I understand there are people who can help you re register a car and who speak excellent Spanish. One such is: Lorraine 606 067 251/966 764 876 email [email protected]. Perhaps it would be worth sending an e mail?


----------



## gus-lopez (Jan 4, 2010)

Twain said:


> Sorry, to buy a new car is not an option.
> Long term rental was not a cheap option either.
> 
> I know that tourist plates often are used as export plates but this is not the case here as I'm not buying/selling/exporting anything, just using my own car for a longer period then allowed as a tourist.
> ...


No, A British owner , or any owner from within the EC community has two options after 6 months . 
1) leave the country
2) change it on to spanish plates. 
Tourist plates are solely for the purpose of allowing a non-Eu citizen to puchase a vehicle , free of tax, drive it around for a maximum period of 6 months in any one year ( although this can be extended a few times ) then import & register the car in their own country.

In addition, although Norway is not in the European Community , it is in the European Economical Space, along with Lichtenstein & Iceland, & it's citizens are treated exactly the same as EC citizens residing in another country. 
See here. Number 1.
Ciudadanos Europeos


----------



## xabiaxica (Jun 23, 2009)

Calas felices said:


> I understand there are people who can help you re register a car and who speak excellent Spanish. One such is: Lorraine 606 067 251/966 764 876 email [email protected]. Perhaps it would be worth sending an e mail?


yes, there are many many people who can

it's also perfectly possible to do it yourself


even if you don't speak Spanish


----------



## Guest (Sep 8, 2010)

I really don´t get this law, how do people that come here in a campervan or similar and drive around the country for a year or two on holiday manage? There is absolutely no way anyone is going to matriculate anything onto Spanish plates only for them to change it back when they drive out of Spain


----------



## gus-lopez (Jan 4, 2010)

ShinyAndy said:


> I really don´t get this law, how do people that come here in a campervan or similar and drive around the country for a year or two on holiday manage? There is absolutely no way anyone is going to matriculate anything onto Spanish plates only for them to change it back when they drive out of Spain


No , they don't most go back for mot etc, but some don't.
I asked this specific question of the Dvla on the thread 'British cars in spain? , I think it was called .Their reply is on it but Jo will have to dig it up as i can't find it . Leaving that aside though , most people don't realise that also if you leave the UK for an extended period of more than 6 months, you lose your right to healthcover & are required to re-register on your return; regardless of whether you have a house in the UK, pay tax & soc. sec. ;Etc. Most people don't have a problem as unless you tell them they don't really know that you've gone.


----------



## Guest (Sep 8, 2010)

Although re the healthcover one would imagine that you´d have travel insurance anyway if away on "holiday"


----------



## Calas felices (Nov 29, 2007)

*health Care*

Some doctor's surgeries are getting a little cuter now. They will not do repeat prescriptions for longer than three months and checks are being made against the electoral roll as to who lives where.


----------



## Twain (May 24, 2009)

Ok, so I can forget about the tourist plates because of the paperwork and cost.

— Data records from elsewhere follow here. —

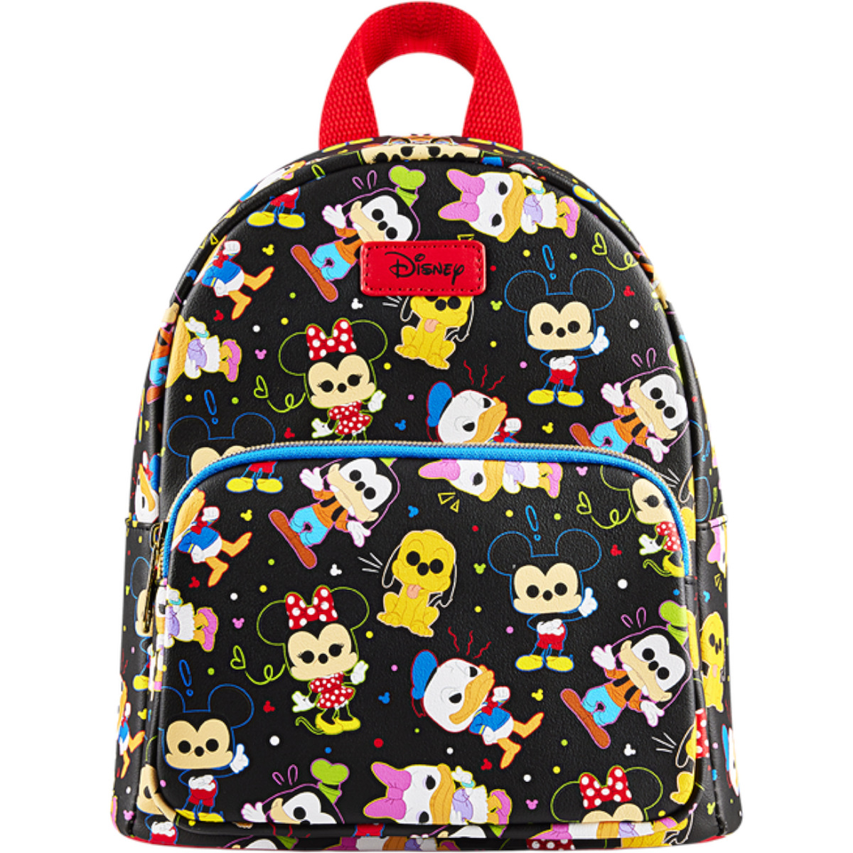 Mini mochila Mickey E Friends. Este design vibrante apresenta Mickey Mouse, Minnie Mouse, Pato Donald, Margarida, Pateta e Pluto em um estilo de arte adorável inspirado no Funko Pop! colecionáveis. Bolinhas multicoloridas e silhuetas do Mickey são salpicadas no fundo preto da bolsa, e detalhes rabiscados ajudam a destacar as emoções de cada personagem. Uma adição alegre a qualquer roupa, este acessório vibrante é perfeito para os fãs da Disney que procuram manter seus amigos favoritos por perto.
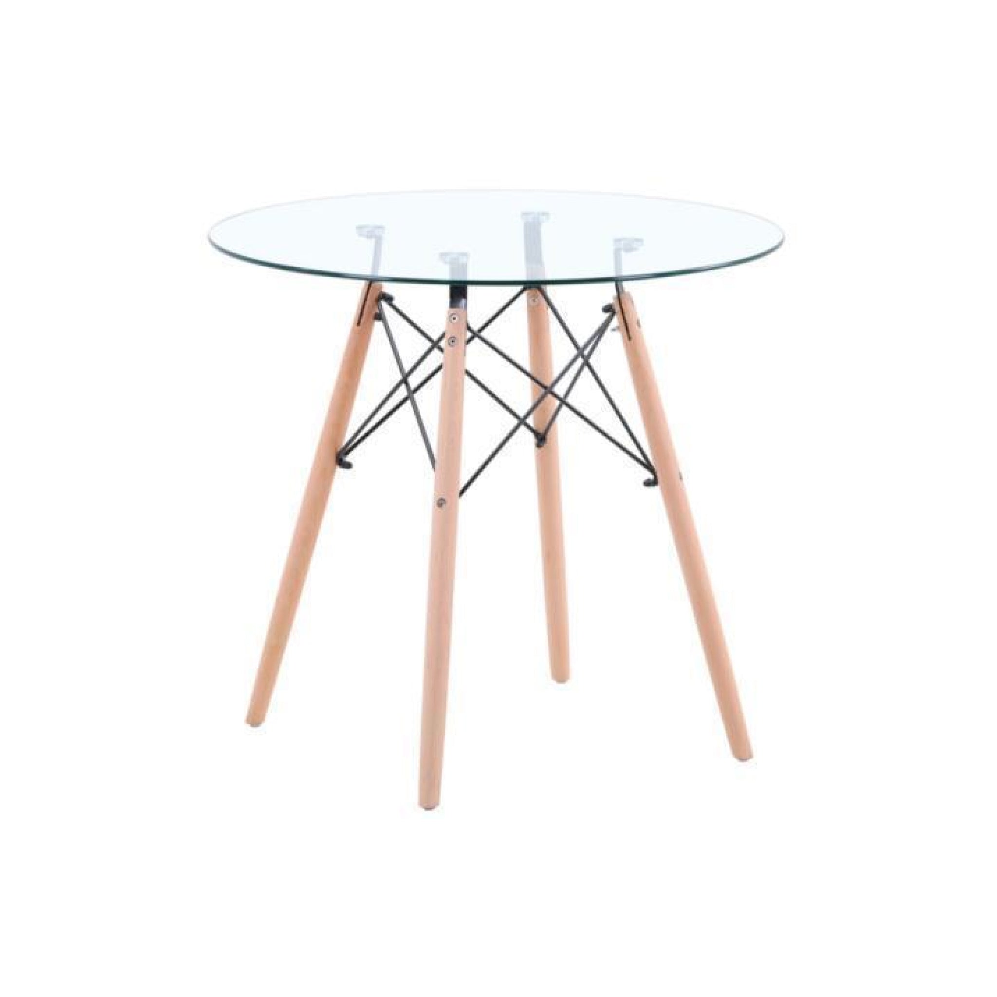 Dining Table Cross Round Glass LKD017DTAWS | FONDHOUSE
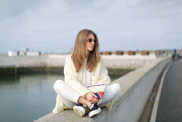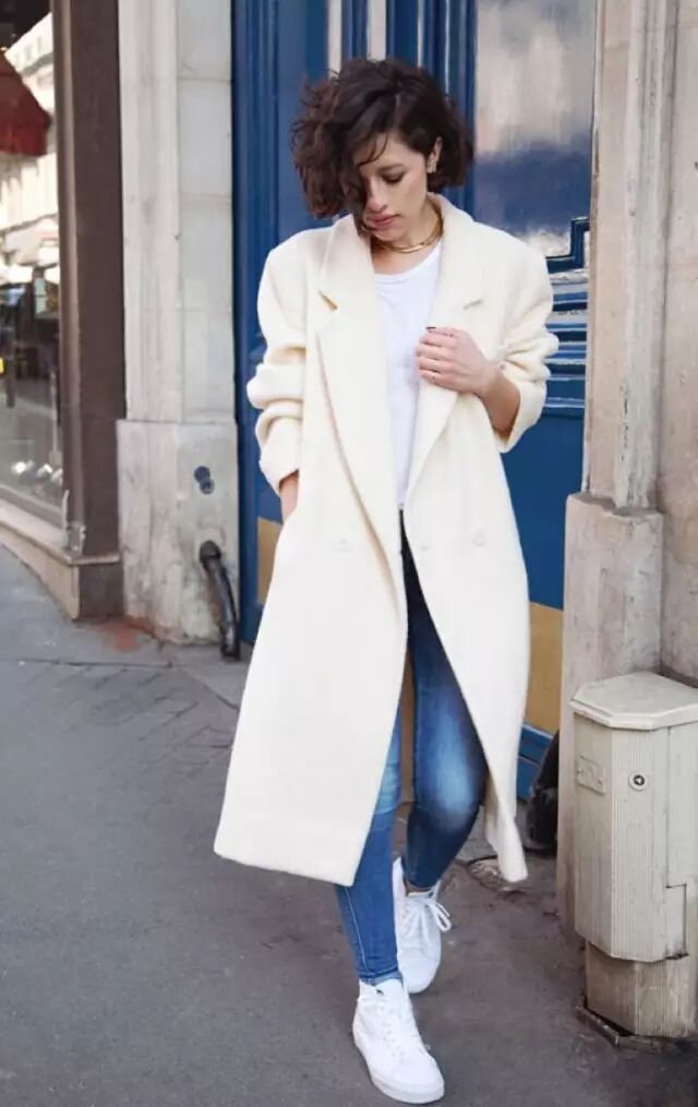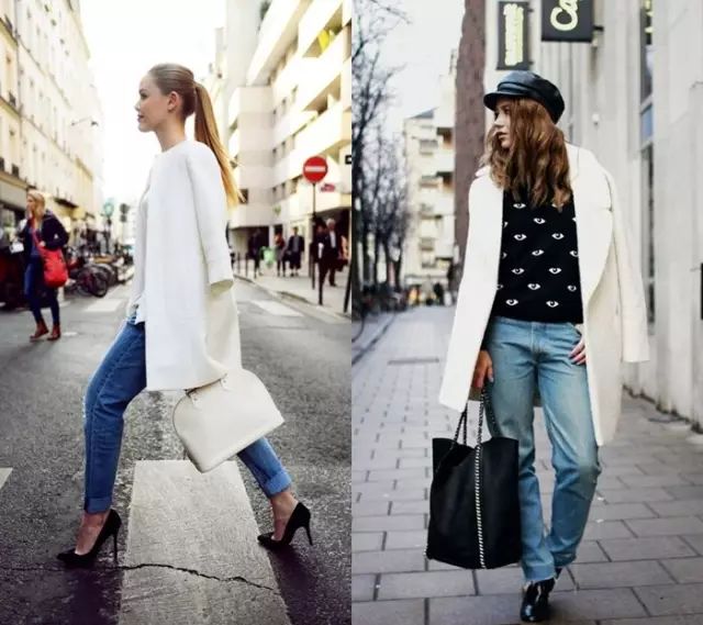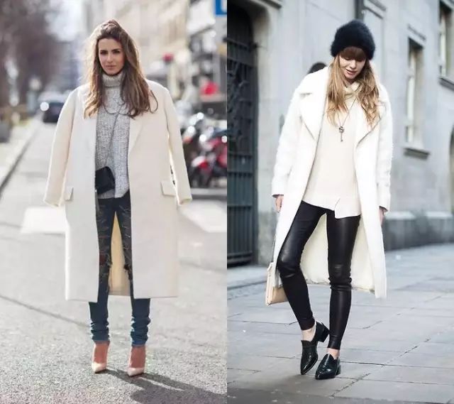 白色大衣披着穿,踩上高跟鞋一样很有范儿。

And since I'm staying from Oktober this year and to the end of August next year, my 6 months period expires.... in the end of March? or in the end of June?

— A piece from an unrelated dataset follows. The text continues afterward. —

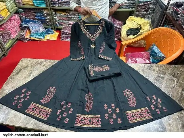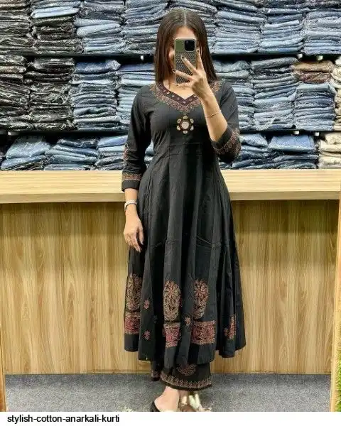 New Anarkali kurta set with new style in saganeri. Hand Buta print

And after that I'll just have to avoid beeing caught?
Since I'll have to take the car out of Spain for 6 months before I can have it in Spain for new 6 months....and that's not an option.

So....what do people do?

I guess I can drive to Portugal or France for a weekend and buy something so I've got some proof that I've not been in Spain and try to use it as document for beeing "new" to Spain with my car.... sounds stupid but if it works....
Or I could just play stupid as the rest and ignore the rules and pray for the best.


----------



## Guest (Sep 8, 2010)

Well, I and plenty of others have driven on non Spanish plates for many years (with legal insurance) and have never had any problems with the Guardia after being stopped. I´m pretty certain that given you aren´t "resident" here and genuinely are only here for 10 months they would have to be in a really REALLY grumpy mood to do anything about it. Just sort out insurance that will cover you for the 10 months and you´ll be fine


----------



## Twain (May 24, 2009)

Would I need extra spanish insurance for the car? (after the first 6 months)
It's fully covered in Norway and for Europe now, but I guess that's only as a tourist, not sure what happens after 6 months.
I'll give my insurance company a call tomorrow.

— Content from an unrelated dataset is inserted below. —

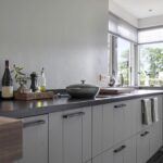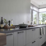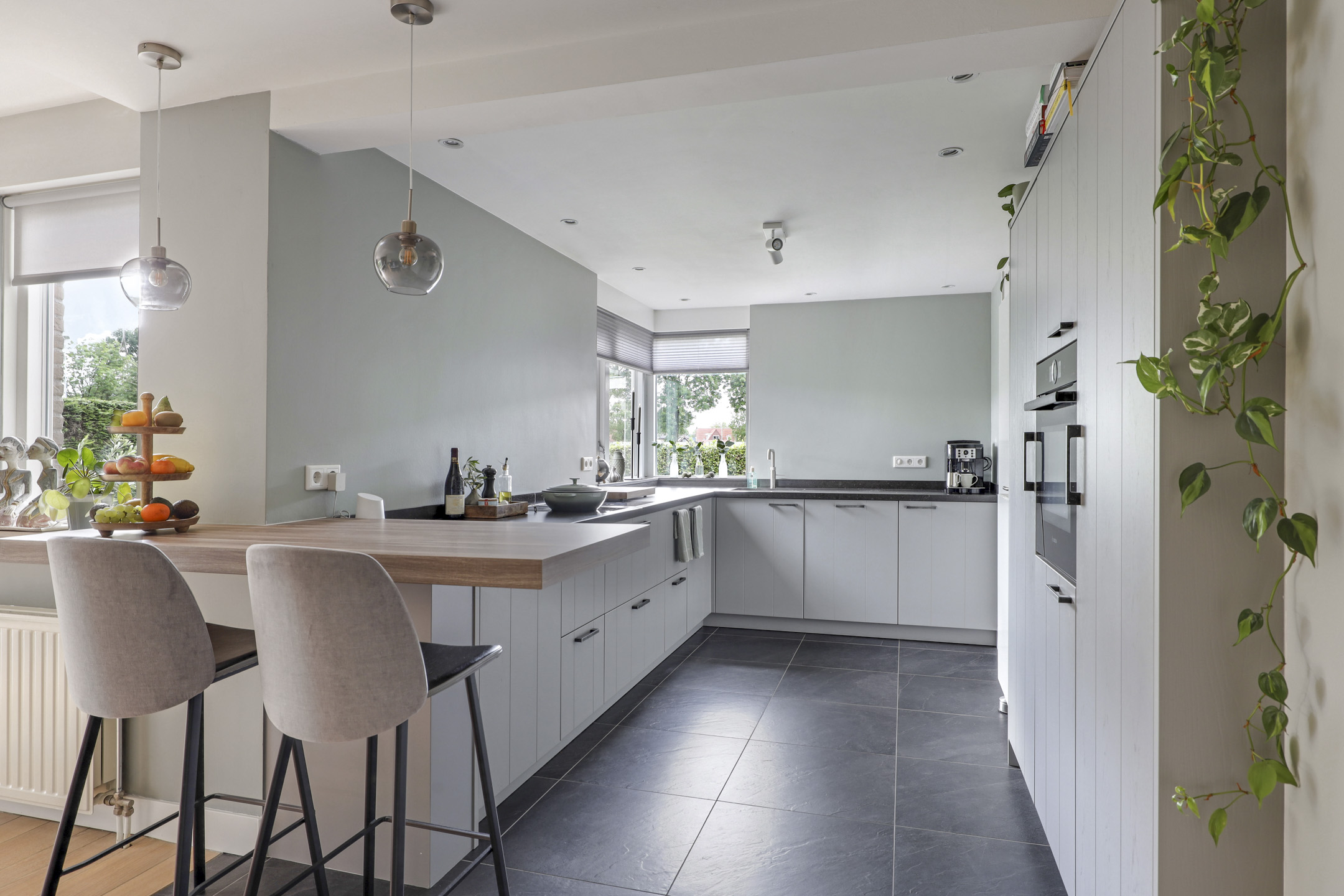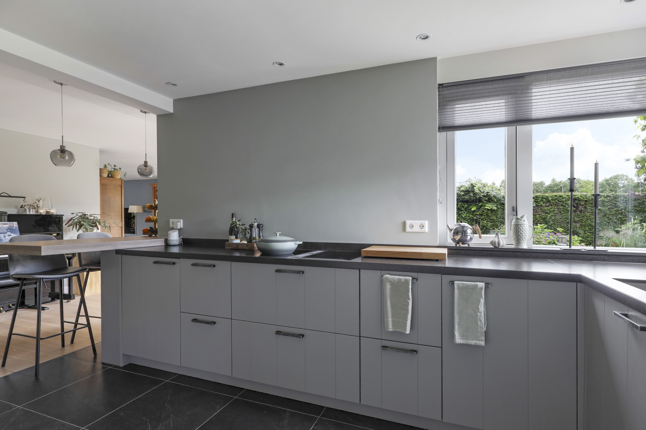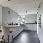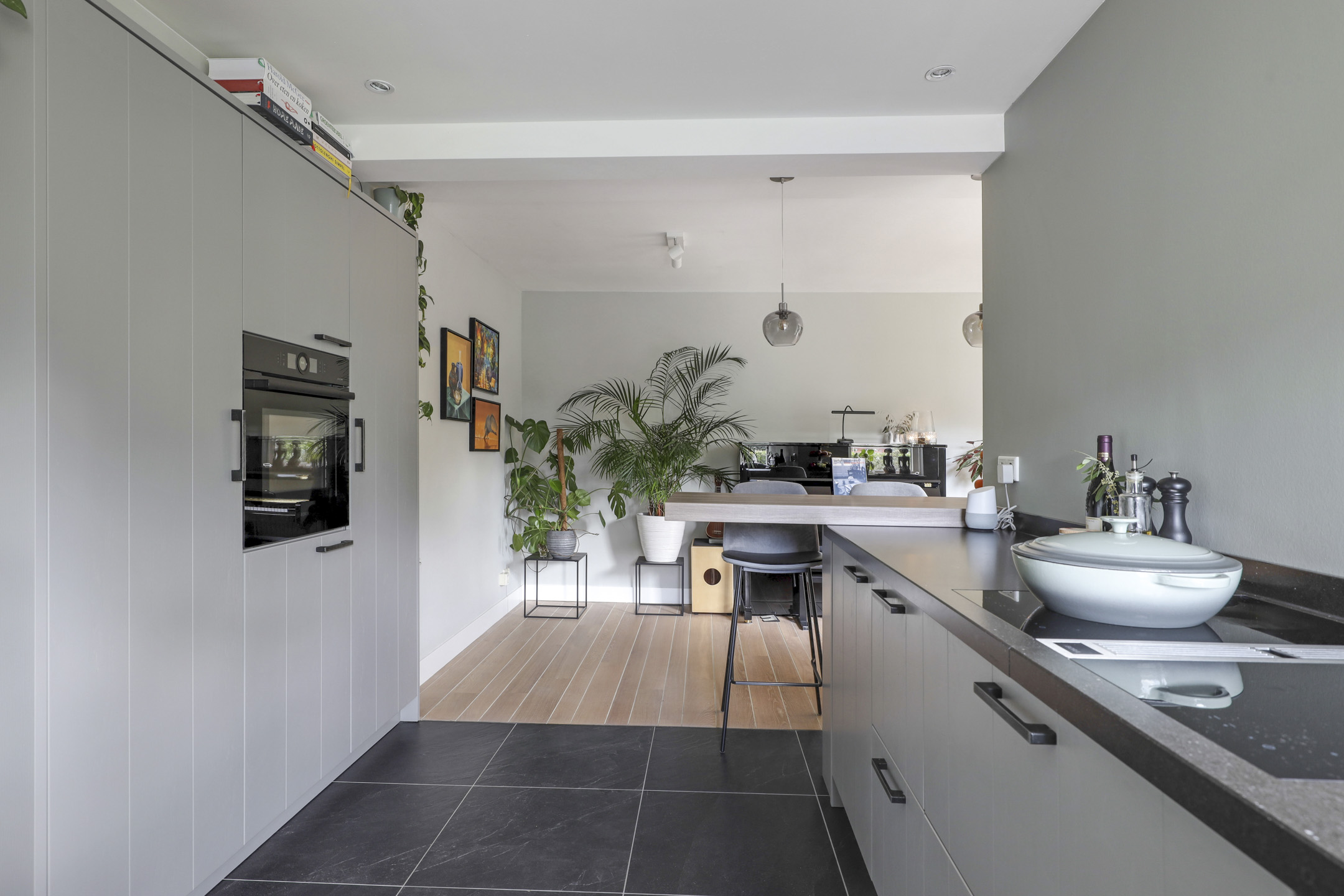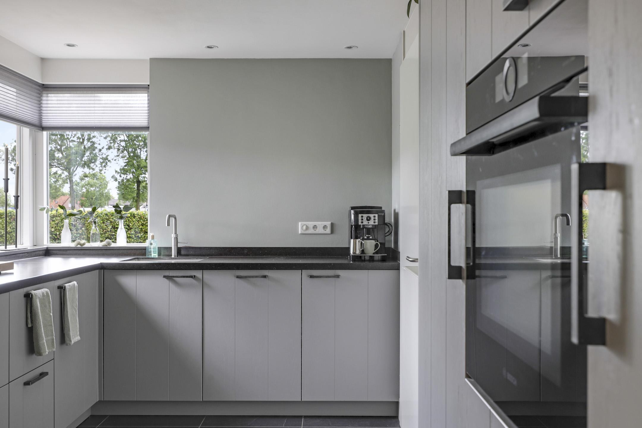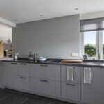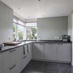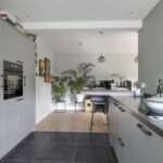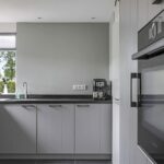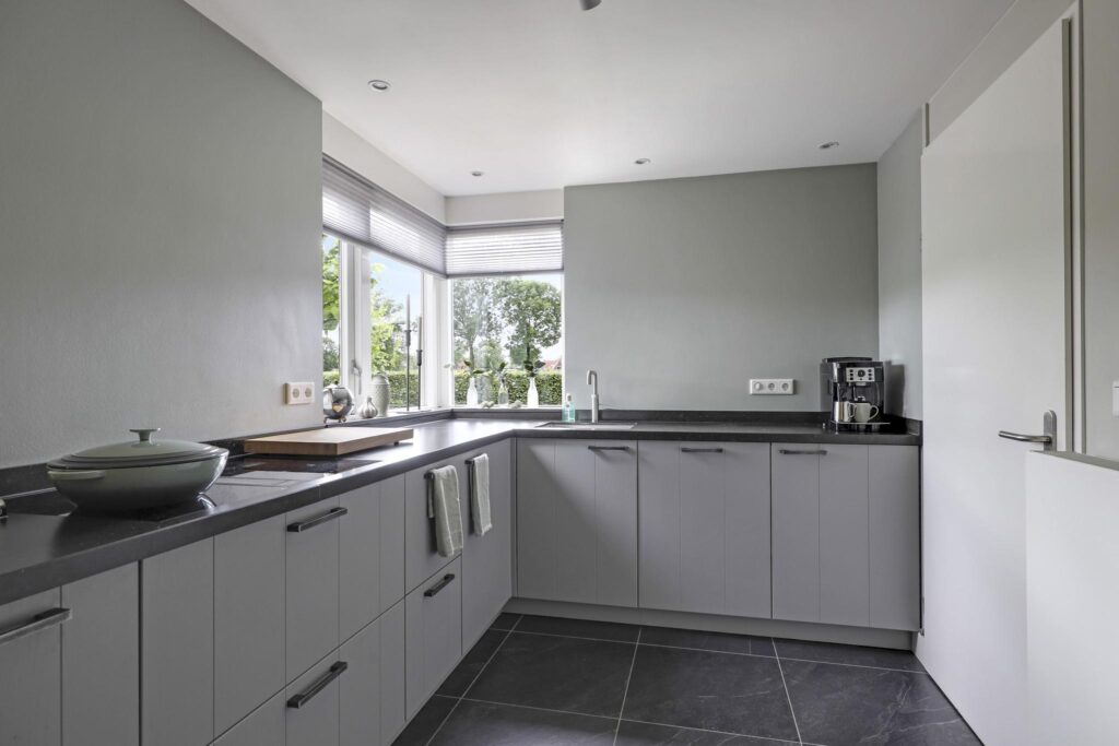 De keuken is aan de achterzijde gelegen en heeft een open verbinding met de woonkamer. Een zeer groot pluspunt is dat de keuken in 2020 geheel vernieuwd is waarbij er is gekozen voor een neutrale maar toch zeer stijlvolle mat grijze keuken met natuurstenen werkblad (composiet). Dit geeft de keuken een luxe uitstraling. Er is gekozen voor een hoekopstelling met veel ruimte door o.a. een Le Mans pannencarrousel in combinatie met een hoge kastenwand welke is voorzien van veel inbouwapparatuur. De inbouwapparatuur bestaat uit een Bora Classic 4-pits inductiekookplaat met geïntegreerde afzuiger, een vaatwasser, een grote koelkast en een combi-oven/magnetron, allen Bosch. Een Quooker zorgt dat er direct kokend water uit de kraan komt. Een leuk detail is hier het hoekraam waardoor je hier een fijn zicht hebt in de achtertuin. Elke kookliefhebber zal deze keuken kunnen waarderen!

Thanks for all the input and comments.


----------



## gus-lopez (Jan 4, 2010)

ShinyAndy said:


> I really don´t get this law, how do people that come here in a campervan or similar and drive around the country for a year or two on holiday manage? There is absolutely no way anyone is going to matriculate anything onto Spanish plates only for them to change it back when they drive out of Spain


I've found it now andy; http://www.expatforum.com/expats/sp...living-spain/39452-british-cars-spain-19.html
If you read the replies from the dvla you'll see that not only do they say that if you are going to be out of the country for 12 months you must notify them that it has been exported & that after 6 months in another EC country you must re-plate but in the final reply from the specialist dept. ( on page 20 ) they can't offer any advice on what the requirements are. Basically it's an eu law with glaring holes in it.


----------